● Dataset extract:
────────────────────

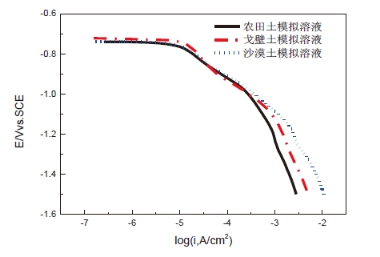 根據表1分析三種土壤模擬溶液的離子成分與理化性質(zhì),沙漠、戈壁和農田土壤的離子含量依次升高,農田土壤模擬溶液中的離子含量最高, 電導率為5040μs/cm;戈壁土壤模擬溶液中的離子含量次之,電導率為815μs/cm;沙漠土壤模擬溶液中的離子含量最低,電導率為364μs/cm。同時(shí),三種土壤模擬溶液中的pH值也依次增加,兩種因素均導致同樣的電位下陰極析氫電流密度依次增加。
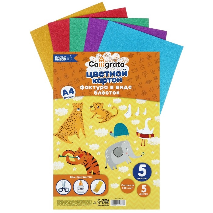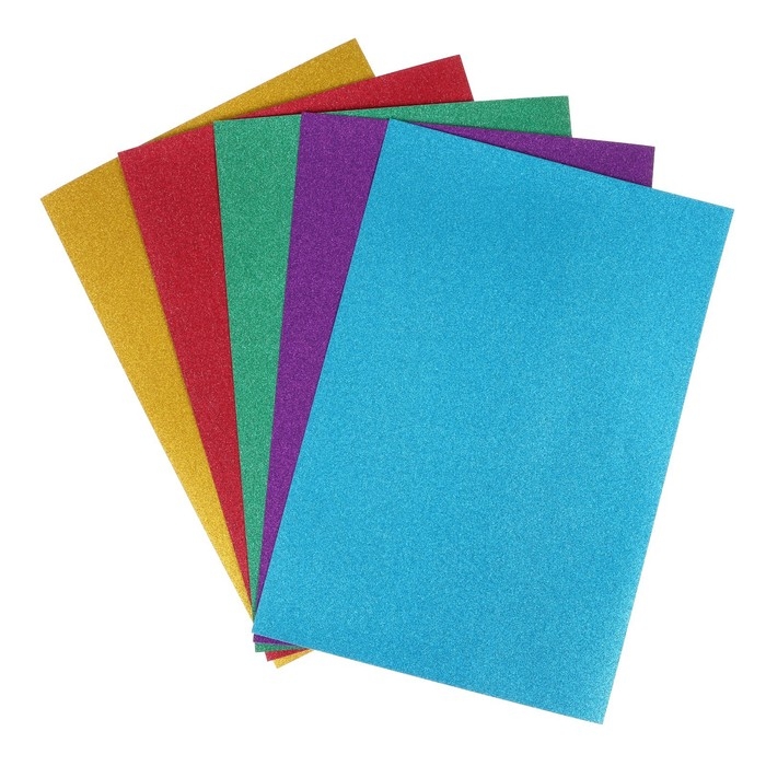 Картон с блёстками А4, 5 листов, 5 цветов, 180 г/м2
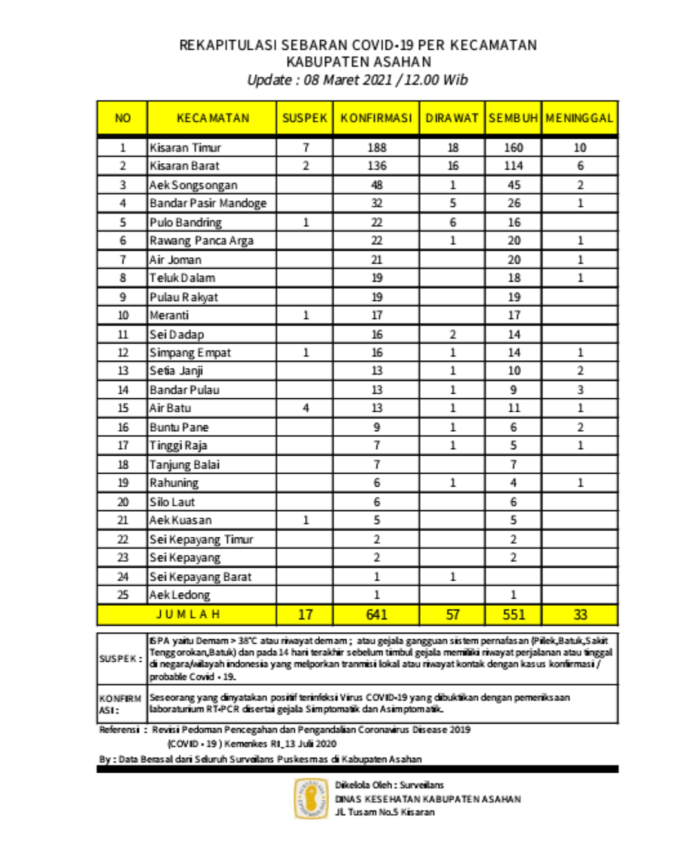 Data Update tersebut disampaikan Juru Bicara Satuan Tugas Percepatan Penanganan Covid – 19 Kabupaten Asahan H. Rahmat Hidayat Siregar S. Sos. M.Si, senin (08/03/2021) berdasarkan hasil data surveilans dari seluruh Puskesmas yang ada di wilayah Kabupaten Asahan sebagaimana di kelola Dinas Kesehatan Kabupaten Asahan pertanggal 08 Maret 2021 hingga pukul 12.00 Wib.

────────────────────

● Prompt:
The lines from the one containing "Картон с блёстками" to the end of the material must be output exactly, both ends included; no picture may appear.

● Response box:
 Картон с блёстками А4, 5 листов, 5 цветов, 180 г/м2
 Data Update tersebut disampaikan Juru Bicara Satuan Tugas Percepatan Penanganan Covid – 19 Kabupaten Asahan H. Rahmat Hidayat Siregar S. Sos. M.Si, senin (08/03/2021) berdasarkan hasil data surveilans dari seluruh Puskesmas yang ada di wilayah Kabupaten Asahan sebagaimana di kelola Dinas Kesehatan Kabupaten Asahan pertanggal 08 Maret 2021 hingga pukul 12.00 Wib.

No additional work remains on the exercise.